Bacteria are fast evolving resistance to antibiotics, which is fast-tracking us to a future where our best drugs no longer work and simple infections become life-threatening once again. While new antibiotics are in the works, the bugs will eventually develop resistances to those too, so a longer term strategy might be to prevent them from evolving in the first place. A new study has found that bacteria use clever gambles to adapt – and showed how we could rig the game in our favor.

Environmental pressure underlies natural selection. As conditions get tough, many organisms die out, while the survivors may be saved thanks to random mutations in their genes that just so happen to give them an edge. These are then passed on to future generations, so that a species as a whole soon evolves to deal with the initial stressful conditions.

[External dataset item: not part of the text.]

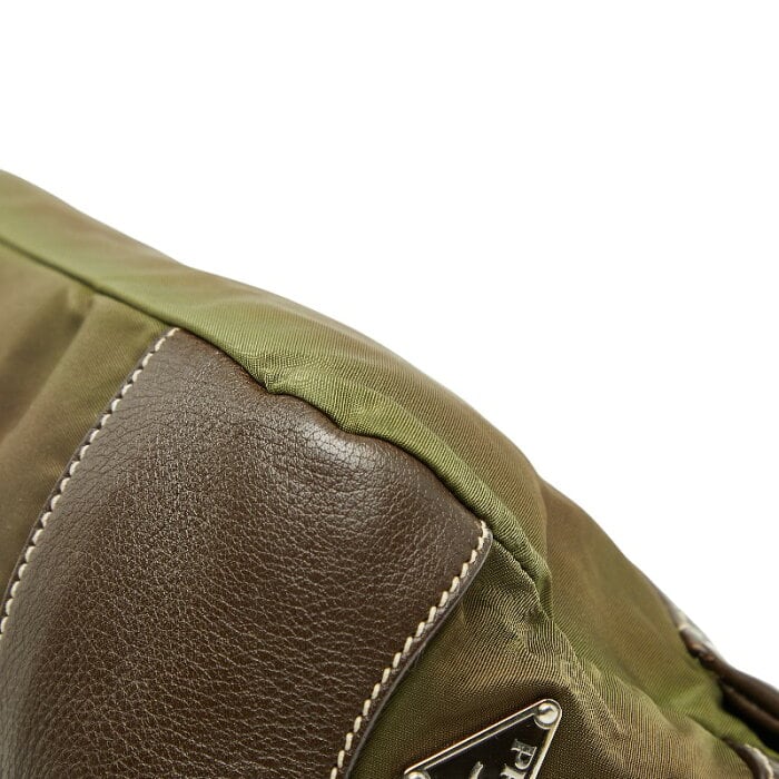 プラダ 三角ロゴプレート ワンショルダーバッグ BR2417 カーキ ブラウン ナイロン レザー レディース PRADA 【中古】

In the case of bacteria, those stressful conditions include antibiotics. At first these drugs may be effective against the bugs, but if any survive the onslaught, they can multiply and pass on their good genes to others. Eventually, entire populations are resistant to certain antibiotics, and we humans need to come up with new ones. It's an arms race, and one that we can't really win in the long run.

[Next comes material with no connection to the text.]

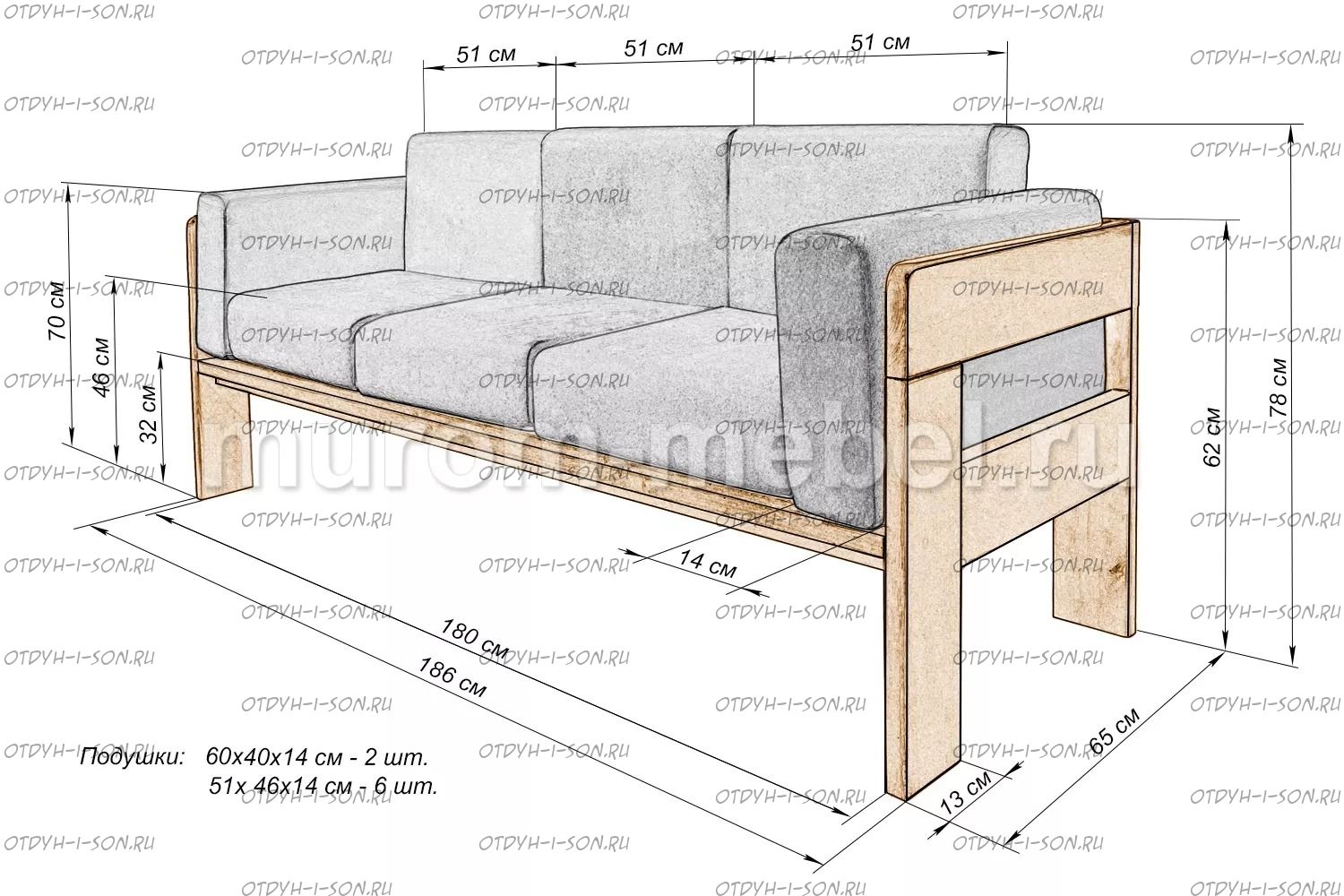 Высота от пола до сиденья:32 см, с подушками 46 см

For the new study, the researchers set out to break the cycle.

"We wanted to understand the molecular mechanism underlying the evolutionary arms race that pathogenic bacteria wage against our immune systems, and against antibiotics," says Susan Rosenberg, senior author of the study. "This is motivated by the hope of being able to make or identify a fundamentally new kind of drug to slow bacterial evolution. Not an antibiotic, which kills cells or stops their proliferation, but an anti-evolvability drug, which would slow evolution, allowing our immune systems and drugs to defeat infections."

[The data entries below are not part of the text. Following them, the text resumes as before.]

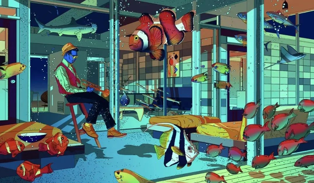 除了插画师的身份,他还是一个爵士乐迷,演奏了近20年的萨克斯管,所以爵士乐的元素他画起来也得心应手。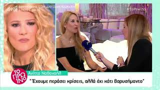 Η ξανθιά παρουσιάστρια ξενάγησε τη δημοσιογράφο της εκπομπής Ελένη Μουστάκη στις αγαπημένες τις γωνιές ενώ μίλησε και για τις όμορφες στιγμές που περνά σε αυτό με την οικογένειά της. Η ΑΝΝΙΤΑ ΝΑΘΑΝΑΗΛ ΚΑΙ Ο ΣΥΖΥΓΟΣ ΤΗΣ ΚΡΙΣ ΧΑΜΠΕΡΤ ΑΝΟΙΞΑΝ ΤΟ ΣΠΙΤΙ ΤΟΥΣ ΚΑΙ ΜΙΛΗΣΑΝ ΣΤΗΝ ΕΚΠΟΜΠΗ ΕΛΕΝΗ ΚΑΙ.
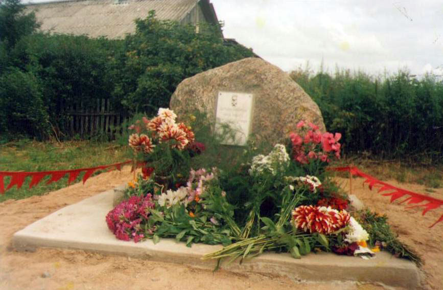 Памятный камень торжественно открыт 1 августа 2004 г. на малой родине Героя.

To investigate, the researchers exposed E. coli to low doses of ciprofloxacin, an antibiotic that triggers DNA breaks, and the response was fascinating. The team found that between 10 and 25 percent of the bacteria began generating high levels of toxic molecules known as reactive oxygen species (ROS).

Why would bacteria produce molecules that could kill them? It turns out, they were making the stressful environment even more stressful, effectively giving themselves an evolutionary boost. And it worked – as a stress response, this sub-population of E. coli was able to make its DNA repairs less accurate and more error-prone, increasing the chances of random mutations. That in turn raised its chances of developing a new advantage.

Perhaps the most clever thing about it is the fact that only up to 25 percent of the bacteria were experimenting with ROS molecules. Essentially, the colony was creating a subpopulation of gamblers that took risks to try to find a solution for the greater good.

"This particular mechanism is likely to be important for resistance to quinolones – very widely used antibiotics for which clinical resistance is common and occurs by new mutations in the clinic," says Rosenberg. "It is likely also to illuminate formation of resistance to other antibiotics, in which the main route to resistance is new mutations, as opposed to those antibiotics for which the main route is acquisition of resistance genes from other bacteria."

To test how one of these proposed "anti-evolvability" drugs might work, the team then combined the antibiotic with a drug called edaravone, which reduces ROS. Sure enough, that was found to prevent the gambler subpopulation from creating the stress response, and slowed down the mutations in the bacteria. Importantly, the antibiotic itself continued to work just fine.

"These data serve as a proof-of-concept for small-molecule inhibitors that could be administered with antibiotics to reduce resistance evolution by impeding differentiation of gamblers, without harming antibiotic activity," says Rosenberg. "Drugs like this could be used with standard antibiotics to slow evolution of resistance. These could potentially extend the use of current antibiotics, and possibly work as mono-therapies by tilting the evolutionary battle in favor of the immune system."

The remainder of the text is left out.